New Jersey Democrats have proposed an idea to create special savings accounts for first-time homebuyers that will allow them to accrue tax benefits while they save for their first home.

It's part of a larger housing tax package the state Legislature is advancing that also includes tax changes and a local ban on institutional investors.

Four members of the state Senate's Democrat majority introduced the bill in January. It was favorably reported out of its Community and Urban Affairs Committee Thursday. It next heads to the Senate Budget and Appropriations Committee.

"Homeownership is one of the most effective ways to build wealth and long-term stability," state Sen.

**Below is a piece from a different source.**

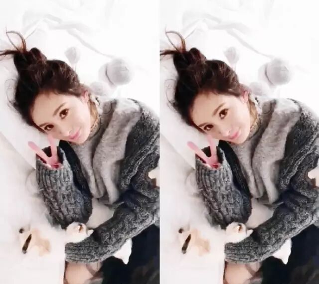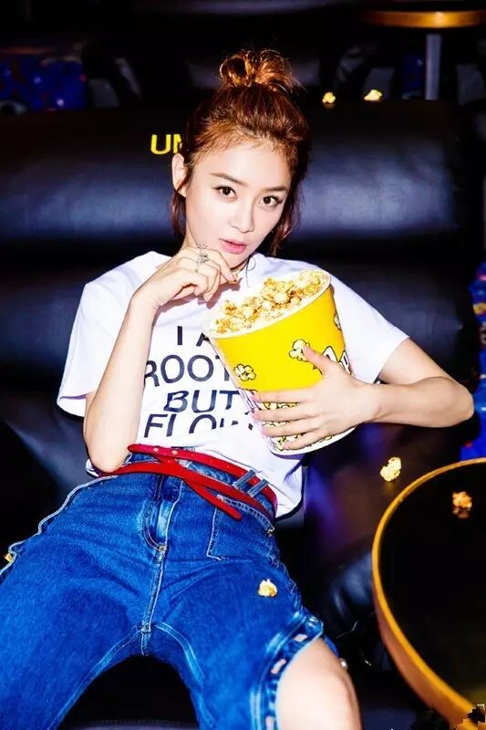 扎着慵懒丸子头的冰冰,嘟嘴卖萌变娇俏girl!

Troy Singleton said in a release Thursday. "This proposal provides first-time homebuyers with a practical, tax-advantaged way to save, making it easier for more people to achieve the dream of owning a home and invest in their future.”

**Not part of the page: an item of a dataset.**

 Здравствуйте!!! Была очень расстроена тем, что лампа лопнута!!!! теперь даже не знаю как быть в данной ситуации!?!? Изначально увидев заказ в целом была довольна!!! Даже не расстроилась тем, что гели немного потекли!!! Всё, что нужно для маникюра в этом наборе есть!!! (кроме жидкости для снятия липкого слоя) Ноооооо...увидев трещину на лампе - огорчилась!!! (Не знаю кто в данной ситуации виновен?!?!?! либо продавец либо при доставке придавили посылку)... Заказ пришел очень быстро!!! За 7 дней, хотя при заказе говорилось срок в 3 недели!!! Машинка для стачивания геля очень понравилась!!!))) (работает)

The state-by-state housing affordability report card from Realtor.com® currently gives New Jersey a C-.

Special accounts for homebuyers

Bill S-1756 would authorize New Jersey Housing and Mortgage Finance Agency to work with lenders to create the special savings accounts. Under the terms in the bill, a certified eligible first-time homebuyer would be able to deposit up to $15,000 a year, and $75,000 over a lifetime.

The accounts would receive a 5% income tax credit on the annual contributions. They would not pay taxes on the interest earned if the funds are used for eligible home purchases. As proposed, the accounts have a balance cap of $150,000.

Legislators want guardrails for the accounts, too. Applicants must earn less than $175,000 a year to qualify and must have no recent history of home ownership. They will also need to complete a first-time homebuyer education course, with annual reporting requirements.

Withdrawals would bring a 10% tax penalty unless there is proof of hardship like death or disability.

“This bill provides a clear, structured path to help them move toward homeownership," said state Sen. Vin Gopal, the bill's other sponsor. "It levels the playing field by boosting first-time buyers and encouraging long-term financial planning.”

Virginia set up a similar concept in 2015, and Colorado in 2016. Virginia's accounts only allow $50,000 in total principal. Colorado's accounts allow slightly lower annual contributions, with a taxable income deduction on the interest. Both of those accounts also cap the tax benefit at $150,000.

Larger affordability questions remain

New Jersey neighborhood
A single-family neighborhood in New Jersey, which Realtor.com® gives a C- for affordability (Getty Images)

New Jersey rolled out a package of other bills aimed at housing and other affordability issues at the same time.

Another bill would help the state establish an incentive for first-time homebuyers to get a zero-interest, forgivable loan of up to $5,000 from the Housing and Mortgage Finance Agency.

That same bill would place new restrictions on institutional investors who attempt to purchase single-family homes. That move follows the lead of the Trump administration and several other state governments. It threatens up to $60,000 in fines for investors who bid on a house in the first 90 days it's on the market.

And, the state is considering altering its property tax exemptions, which legislators say will reduce localities' needs to raise money through property taxes. There's been a multistate groundswell against property taxes in recent months.

Still another bill aims to help the state's agencies coordinate to provide housing for every unhoused veteran in the state.